Extracted data entries

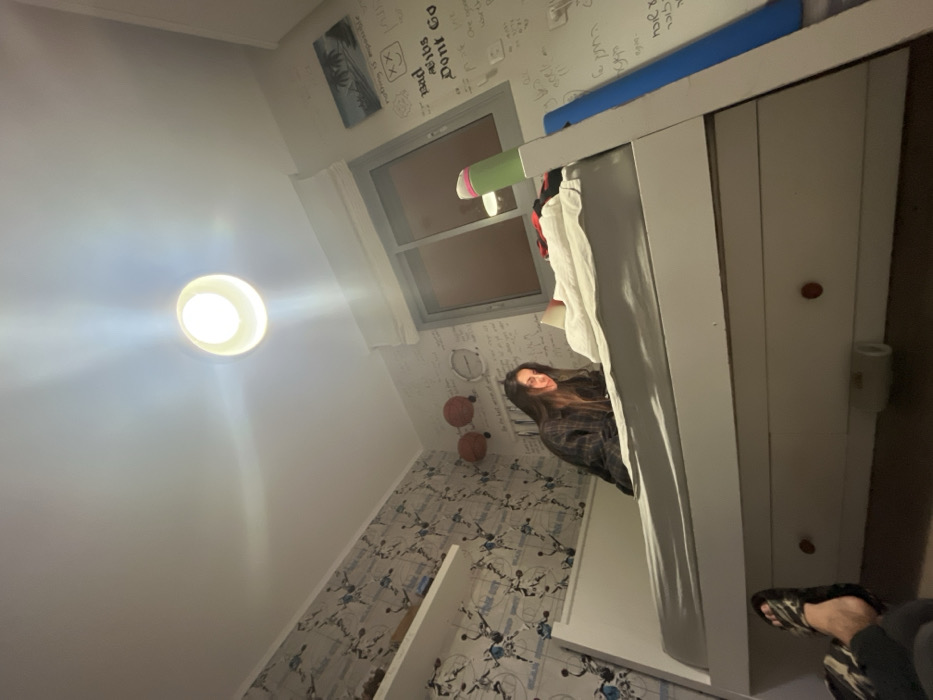 A bedroom features white walls, a window, and a bunk bed. A person is sitting on the lower bunk, facing forward. The bed's side faces the viewer, showing drawers. The wallpaper has writing and a basketball pattern. A light fixture is on the ceiling. A person's leg and foot appear in the bottom right corner.
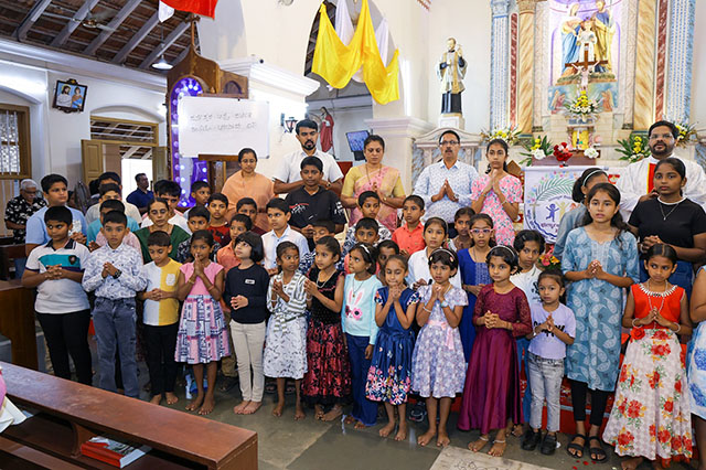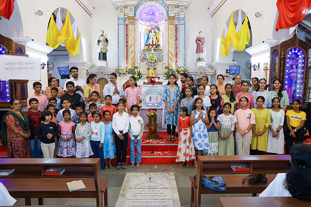 As the Mangalore diocese has declared the year as the Year of Children, a special inauguration was held at the conclusion of the Holy Mass. In his homily, Fr Victor D’Souza emphasized that children are the wealth of the Holy Christian community and called upon the faithful to nurture and guide them in faith and values. Special prayers were offered for the well-being and holistic growth of all children.
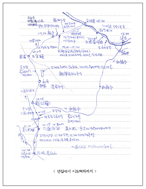 하지만 이 도보 탐사를 시작하기 위해서는 앞서 먼 길을 돌아가야 한다. 먼저 하늘길로 연길까지 빗겨 날아오른 뒤, 거기에서 백두산 서편의 도보 탐사가 시작되는 곳까지는 다시 육로를 내달려야 한다. 오후 1시 반쯤 인천공항을 출발한 비행기가 2시가 조금 넘은 시각에 장춘공항에 도착했다. 중국의 북경 표준시간이 한 시간 늦은 것을 감안하면 2시간이 채 안 걸린 셈이다. 약 1,000킬로미터의 거리를 날아온 것이다. 장춘에서는 연길까지 약 500킬로미터의 거리를 늦은 저녁 비행기로 다시 날았다. 1시간쯤의 시간이 걸렸다. 백두산에 오르기 위해서는 이제 연길에서 하룻밤을 묵은 뒤 다음날 자동차로 약 300여 킬로미터의 길을 더 달려가야 한다. 연길에서 이도백하까지 250킬로미터, 그리고 그곳에서 다시 백두산의 서쪽 산문 입구까지 70여 킬로미터를 달린다.
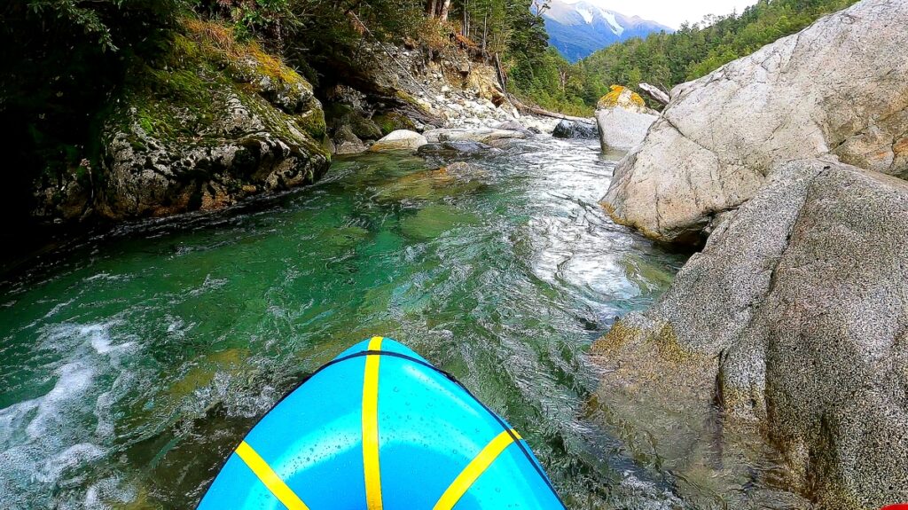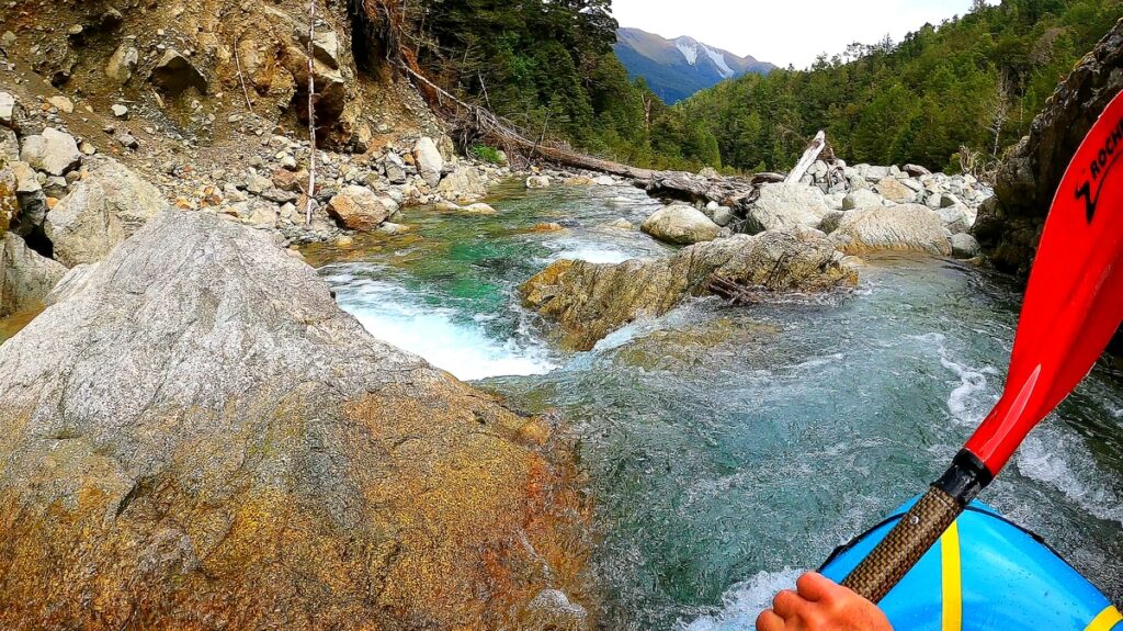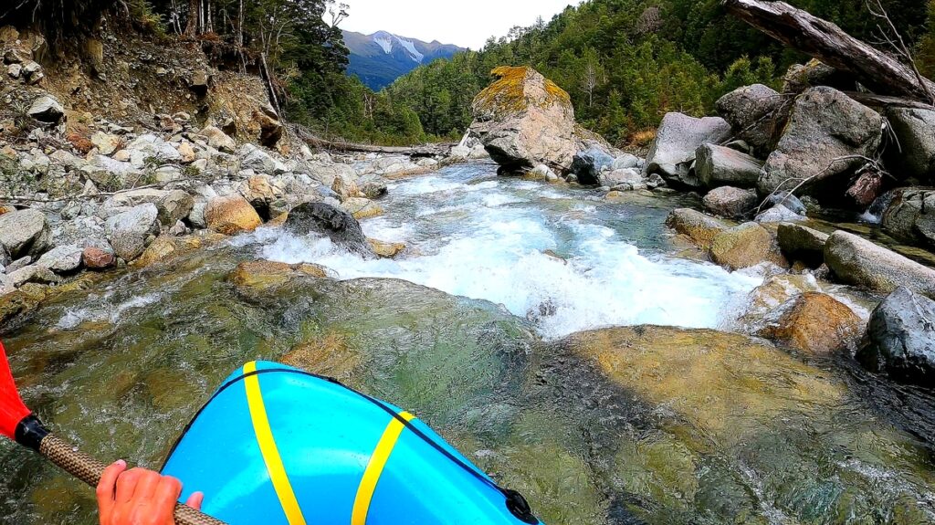 From the ~600m contour put in, the creek has a steep bouldery character that is surprisingly runable and mostly boat scoutable, but it is worth scouting at least the upper few hundred metres from the bank as you walk in. In this upper section you’ll find a nice 4-metre rockslide feature as well as several relatively bony drops. Despite the steep gradient most of the rapids twist through a staircase of small chutes and pools. In lower flows (e.g. just runnable after 1 day of steady rain in Te Anau, as was the case for Shane’s trip) the grade would be III+ but with high flows this would quickly ramp up. Many of the rapids can be seen on the way in and portaging is possible throughout the run.
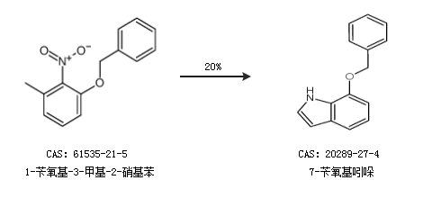 1.通过1-苄氧基-3-甲基-2-硝基苯合成7-苄氧基吲哚,收率约20%;
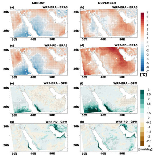 To evaluate our downscaling methodology, we focus on historical temperatures at 2 m and precipitation rates and compare our simulated climate fields from our WRF-ERA and WRF-PD simulations with the driving reanalysis product of WRF-ERA simulations and ERA5 for temperatures and with precipitation estimates from GPM and CRU for precipitation rates. WRF-ERA simulations show similar spatial structure and magnitude for mean temperatures at 2 m as ERA-Interim and ERA5 for both August and November (Figure 2). As expected, with the higher spatial resolution and shorter timesteps, effects of local spatial influences such as topography on temperatures are more pronounced in WRF-ERA compared to the driver reanalysis product. It is also evident that spatial distribution of temperatures in our WRF-ERA simulations shows closer resemblance to higher-resolution climate reanalysis ERA-5. Given the high spatial resolution (4 km) of the inner-most domain of the WRF-PD and WRF-ERA simulations, no gridded datasets at this granularity exist that can provide a commensurate landscape of the “observed” historical conditions; therefore, we cannot perform an unequivocal, quantitative assessment. However, the information provided by the more recent and high-resolution climate reanalysis product, ERA5, within our WRF model domain over the KSA region serves as a proxy for observed temperature variations. Hence, to further evaluate our downscaling setup, we calculated biases in temperatures between ERA5 and our downscaling simulations (WRF-PD and WRF-ERA) (Figure 3a–d). Statistically significant differences, tested using Student’s t-test at 5% level, are indicated via stippling in Figure 3. While the spatial distribution of temperatures in both WRF-PD and WRF-ERA are simulated well compared to ERA5 for both months, there are statistically significant negative biases over the western side of KSA and positive biases over the eastern and northern parts of KSA in August. The cooler temperatures in WRF-ERA simulations along the Asir Mountains and the surrounding higher topography of the western part of KSA are clearly evident in August. Hence, these biases are likely due to the more detailed representation of the spatial features, and therefore, temperatures in WRF-ERA could indeed be an improvement over the ERA5 product. However, due to a lack of homogeneous, high-resolution gridded observational products in the region, we are unable to assess this further. In November, the negative biases are smaller in magnitude and extent along the western KSA in WRF-ERA simulations compared to August and even exhibit a narrow band of positive bias along the western coastline. Biases between WRF-ERA and ERA5 are more enhanced over the Empty Quarter in November. Furthermore, while the biases in WRF-ERA and WRF-PD simulations have similar signs and spatial structure over KSA, WRF-PD simulations have stronger positive biases compared to ERA5 in November. Nevertheless, both our CESM-driven WRF simulations (WRF-PD) and ERA-Interim-driven simulations (WRF-ERA) are able to capture the main features of the spatial distribution and magnitudes of mean historical temperatures at 2 m with stronger biases in November in WRF-PD.
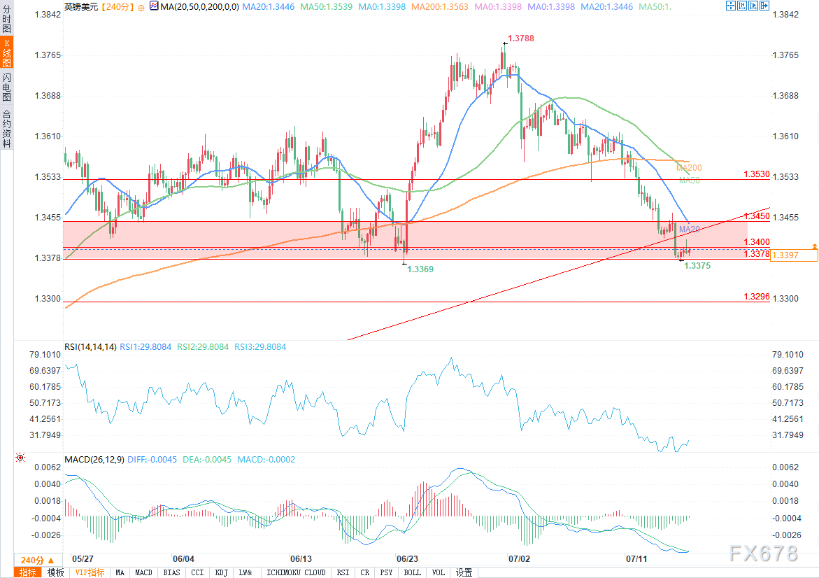 英镑/美元短期走势取决于7月17日就业数据。若数据疲软,汇价可能跌向1.3296,交易者可考虑在1.3415附近逢高做空,止损设在1.3460,目标1.3296。若数据超预期,汇价或反弹至1.3530,可在1.3370附近逢低买入,止损1.3340,目标1.3460。
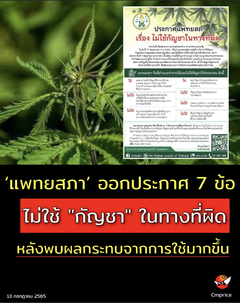 | • แพทยสภา ออกประกาศ 7 ข้อ ไม่ใช้ "กัญชา" ในทางที่ผิด หลังพบผลกระทบจากการใช้มากขึ้น |
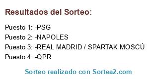Lista de participantes: -PSG, -NAPOLES, -QPR, -REAL MADRID / SPARTAK MOSCÚ.
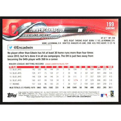 This is a 2018 Topps Chrome Edwin Encarnacion baseball card. The card is #199 and pictures show condition.
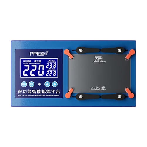 La Plataforma Desoldadora Inteligente Multifuncional PPD está diseñada para la Reparación especializada de modelos iPhone desde la serie 11 hasta la 14 Pro Max. Esta plataforma permite realizar desoldados precisos en Placas Principales sin causar daños, gracias a su Pantalla Digital inteligente y control de temperatura exacto. Su función Principal es facilitar el desmontaje y reemplazo de módulos internos, optimizando el proceso de Reparación con un calentamiento rápido y uniforme. Además, incorpora un diseño resistente a altas temperaturas que previene deformaciones y quemaduras, asegurando un uso seguro y eficiente para Técnicos y usuarios con experiencia en Reparación de dispositivos Apple.
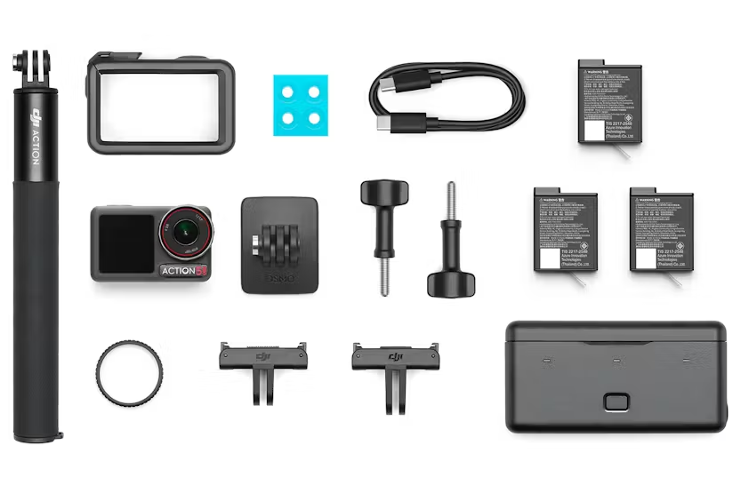 Description Osmo Action 5 Pro DJI osmoaudio connectivity ecosystem Wi-Fi 6.0 & USB 3.0 high-speed transfer Dual OLED high-brightness touchscreens Colour temperature sensor 4nm high-performance chip Next-Gen 1/1.3″sensor 47GB built-in storage Professional air pressure gauge/water pressure gauge Subject centering & tracking 360° horizonsteady 4-Hour extended battery life [1] Dual DJI microphone direct connection Get Into Revolutionary Imaging Next-Gen 1/1.3″ Sensor DJI new sensor captures your best. From city nights to dramatic sunrises, get crystal-clear images with a 4nm chip. Experience vibrant imagery with 2.4 μm pixels and 13.5 stops of dynamic range, rivaling pro cameras. 2.4 μm Pixel Size Up to 13.5 Stops Dynamic range F/2.8 Aperture Shoot in 4K/60fps for breathtaking high-dynamic low-light video, maintaining a balance of highlights and shadows without overexposure. SuperNight mode [2] uses AI noise reduction algorithms for sharper, cleaner footage in extreme low-light. Crystal Clear OLED Touchscreens Catching the day's action? See it clearly thanks to the rear OLED screen's peak brightness now reaching a whopping 1000 nits. Make sure each shot has rich colours and high contrast with the front and rear OLED high-brightness touchscreens. The screens are larger with narrower bezels increasing the screen-to-body ratio by 16%. [3] Tempered glass ensures durability, and the AF coating keeps touch controls responsive, even when wet. [4] With Always On Display enabled, both screens show recording duration and specifications for lower power consumption. Get essential information at a glance, without being disturbed by bright lights at night. Colour All The Bases with 10-Bit D-Log M Action 5 Pro's front and rear touchscreens let you preview 10-bit D-Log M footage with colour recovery, so you can adjust colour and brightness for top-quality raw footage at a glance. Get more colour depth with 10-bit D-Log M and 10-bit HLG modes. [5] Detailed highlights and shadows ensure your footage will stand out from the crowd. Bursting with 40MP of Action Simply press the shutter for stunning shots and crop with confidence. Each photo boasts approximately 4x the clarity of the previous generation with roughly 40 megapixels (7294×5472) or 8K (16:9) resolution. More to See, More to Share 155° Ultra-Wide FOV Bring more life into every shot with the 155° ultra-wide FOV [6] and capture video with a dynamic perspective. 4:3 Aspect Ratio Powers All the Pixels Get more compositional space and cropping flexibility now that the maximum video specification has been upgraded to 4K/120fps in a 4:3 aspect ratio with full-pixel recording at 4K (3840×2880). Slow-Motion Goes Super, 32 Times Make the WOW last longer with 32x Super Slow Motion. The Action 5 Pro's powerful 4nm chip enables frame-by-frame analysis and 4x frame interpolation achieving up to 32x slow-motion; [7] shoot at 1080p/240fps and produce the video equivalent of 960fps in post. Spark Your Wild Side High-Octane Features for Go-Getters Everything's on Track Now DJI brings subject tracking to an action camera. Action 5 Pro now intelligently detects the subject's position and dynamically adjusts the composition. Keep the subject centered in every frame, during horizontal or vertical shots. [8] 4-Hour Power We're setting a new benchmark for battery performance. A single battery now delivers up to four hours of continuous use. [1] Never miss awesome with 50% more operating time compared to Action 4. Even in low-temperature conditions get up to 3.6 hours [9] recording time at temperatures as low as -20° C. 50% Battery Life Boost 4 Hours Max Operating Time Stabilize to Maximize [10] 360° Horizonsteady HorizonSteady not only effectively reduces shakes but also corrects horizontal tilts within a 360° range, handling intense bumps and rotations effortlessly. HorizonBalancing only corrects horizontal tilts within a ±45° range and supports video recording up to 4K/60fps. Rocksteady 3.0 This mode effectively reduces shakes while retaining the dynamic impact of motion, delivering a more immersive first-person perspective and supports video recording up to 4K/120fps. Audio Sampling Rates* Action 5 pro with mic 2 native connection Other action cameras with mic 2 connection 48 kHz (cinema and professional audio digital sampling rate) Approximately 16 kHz Practical Features, Enhanced Performance 47GB Built-in Storage Further optimized bitrate for smaller file sizes. High-Speed Transfer Wi-Fi 6.0 & USB 3.0, with wireless transfer speeds up to 80 MB/s [18]. Battery Fast Charging Charge for 15 minutes, and enjoy 2 hours of shooting [19]. Wi-Fi Livestreaming Supports various resolutions for live streaming and recording. Timecode Quickly synchronize footage from multiple cameras. Live Photos Convert 3-second videos into dynamic photos [20]. Pre-Rec Capture and retain exciting moments before the official recording starts. Highlight Quickly mark key moments to speed up the editing process. Mimo App: Intelligent Shooting and Editing Once wirelessly connected to Action 5 Pro, the Mimo app allows you to preview the camera view and adjust the settings. It comes with a variety of editing templates and a One-Tap Edit feature, all without needing to download the footage during editing, thus saving your phone's storage space. The Mimo app also includes diverse editing features for action cameras, such as Sports Dashboard, Vivid Underwater, and InvisiStick. Background Download While downloading footage, the Mimo app can continue to download in the background even if you switch to other apps on your smartphone. D-Log M Colour Recovery The Mimo app supports colour recovery for D-Log M footage, allowing for more stylish adjustments. This process is quick and convenient, with no computer required. Live Photos & High-Definition Screenshots The Mimo app can generate static and live photos including model information and shooting parameters [20]. Traditional video screenshots are 
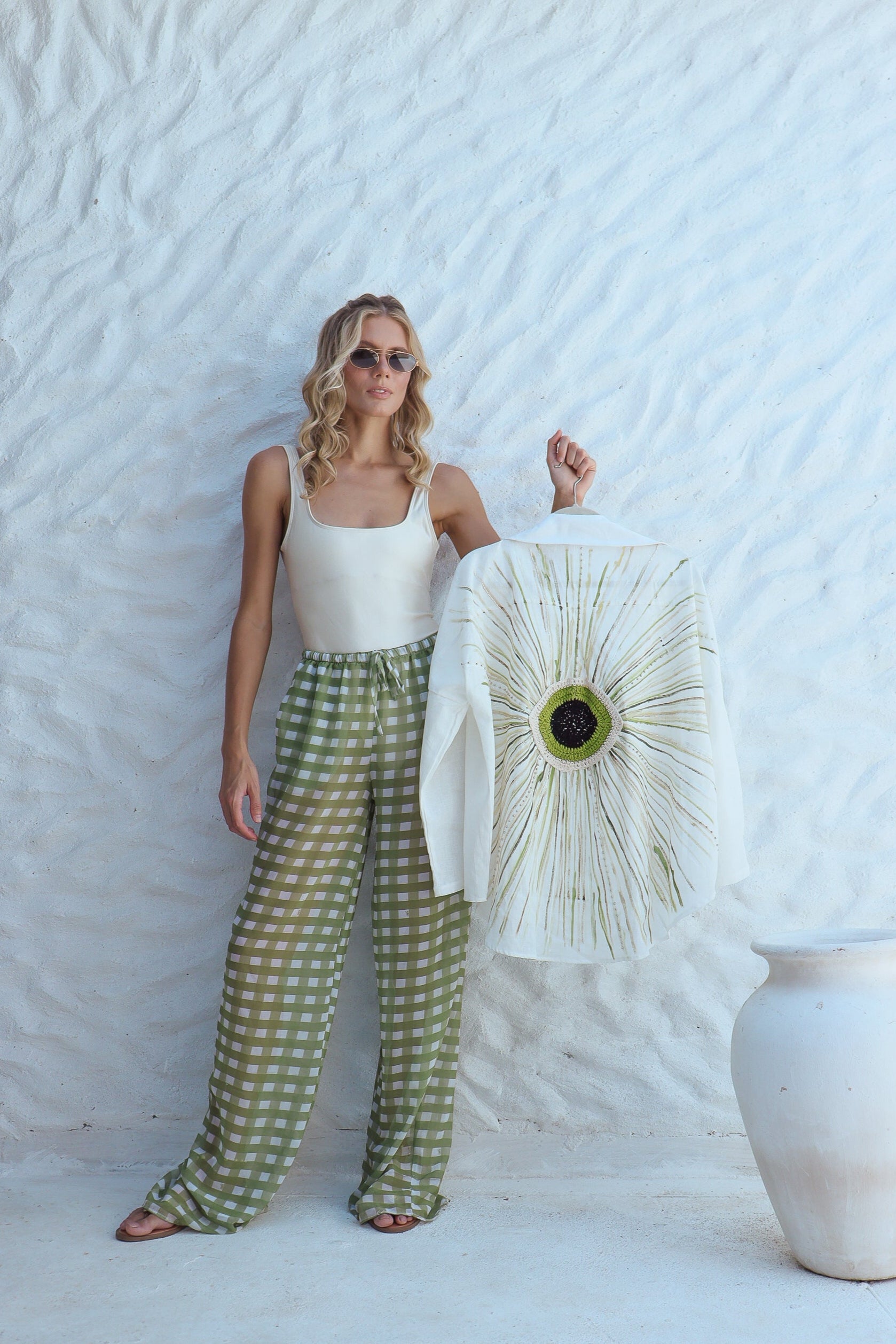 Esta camisa será pintada e bordada à mão quando você comprar.

### TASK OBJECTIVE
The required output is the exact run of lines from the start of the records through the line containing "As the Mangalore", both ends included, with no pictures.

### EXERCISE RESULT
 A bedroom features white walls, a window, and a bunk bed. A person is sitting on the lower bunk, facing forward. The bed's side faces the viewer, showing drawers. The wallpaper has writing and a basketball pattern. A light fixture is on the ceiling. A person's leg and foot appear in the bottom right corner.
 As the Mangalore diocese has declared the year as the Year of Children, a special inauguration was held at the conclusion of the Holy Mass. In his homily, Fr Victor D’Souza emphasized that children are the wealth of the Holy Christian community and called upon the faithful to nurture and guide them in faith and values. Special prayers were offered for the well-being and holistic growth of all children.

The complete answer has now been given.